Opinions | Daily Iowan 2/1/05

The recent "Balloons on Parade" protest action by members of UI Students Against Sweatshops was intended to draw attention to the existence of our campaign for an Ethical Purchasing Code of Conduct. A common misconception is that our organization wants the university to drop Coca-Cola completely. It is not the aim of Students Against Sweatshops to remove Coca-Cola from the campus, but rather to establish a means by which the UI can leverage students' inevitable consumption of such products against further human-rights abuses by Coke and other contractual partners. We want to say, Clean up your act, or else. After all, there's always Pepsi.

It is important to note that we chose this mild act of civil disobedience only after several years of lobbying past, interim, and current UI presidents in person, writing letters, getting editorials published, bringing in guest speakers, establishing information tables in the IMU, handing out fliers, and more - all with negligible results. Our attempts at rational discourse with the administration have been met by nothing more than public-relations control tactics. The current task force commissioned to stall - oops, I mean study - the issue is just the latest example. Hence our use of civilly disobedient red and white balloons, placed knowingly in violation of university policy, with a promise of removal at the end of a day in a letter to the university president, dean of students, and director of campus grounds.

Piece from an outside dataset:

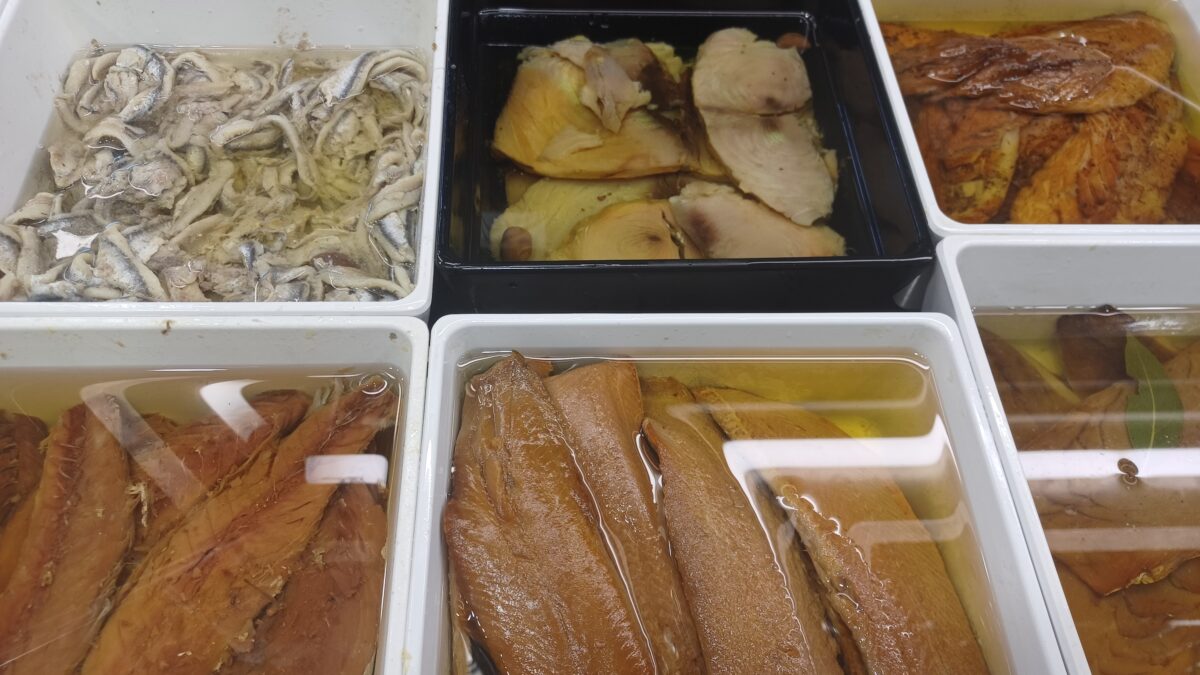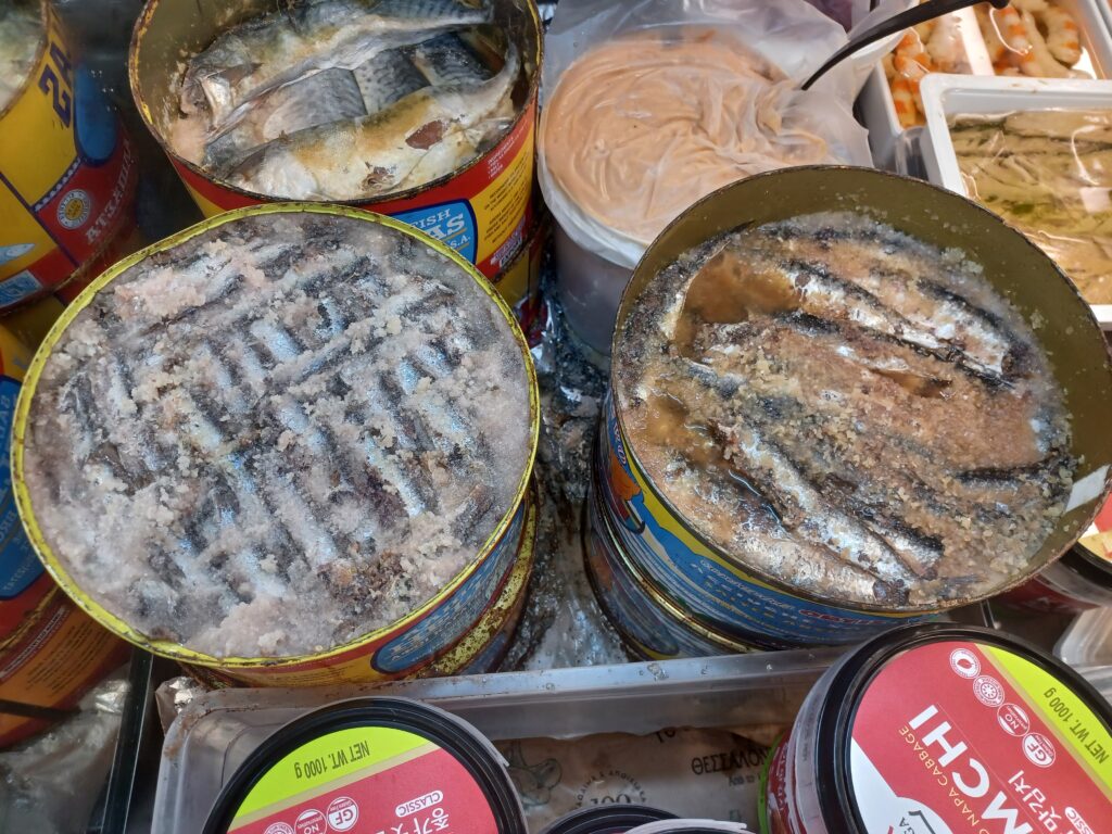 Image 2.1.a. Catches preserved in oil, Thessaloniki 2025. Photograph by S.M. Valamoti

On this matter, despite the DI's tacky Jan. 26 editorial, we agree with the university's reprimand of our organization. We chose to violate policy to highlight how the university doesn't adhere to what we think are the much more crucial, ethical laws of human rights. Our continued disappointment with the administration stems from its putting more emphasis on immediately scolding us while, to this date, still failing to act in any meaningful way on the issue at hand.

The celebration of Martin Luther King Jr. Human Rights Week seemed the perfect time to forward this issue and show our support for King's belief that "he who passively accepts evil is as much involved in it as he who helps to perpetrate it." As the son of two embattled preachers myself, I should think King would have been proud of our mild, yet effective act of civil disobedience to further this important issue.

A prime example of the need for an ethical purchasing code is the UI's exclusive contract with Coca-Cola, which makes it complicit in egregious and well-documented human-rights and environmental abuses around the world. A recent letter to the editor, and more formidably, Coca-Cola itself, have questioned the authenticity of these claims. Allow me to clarify.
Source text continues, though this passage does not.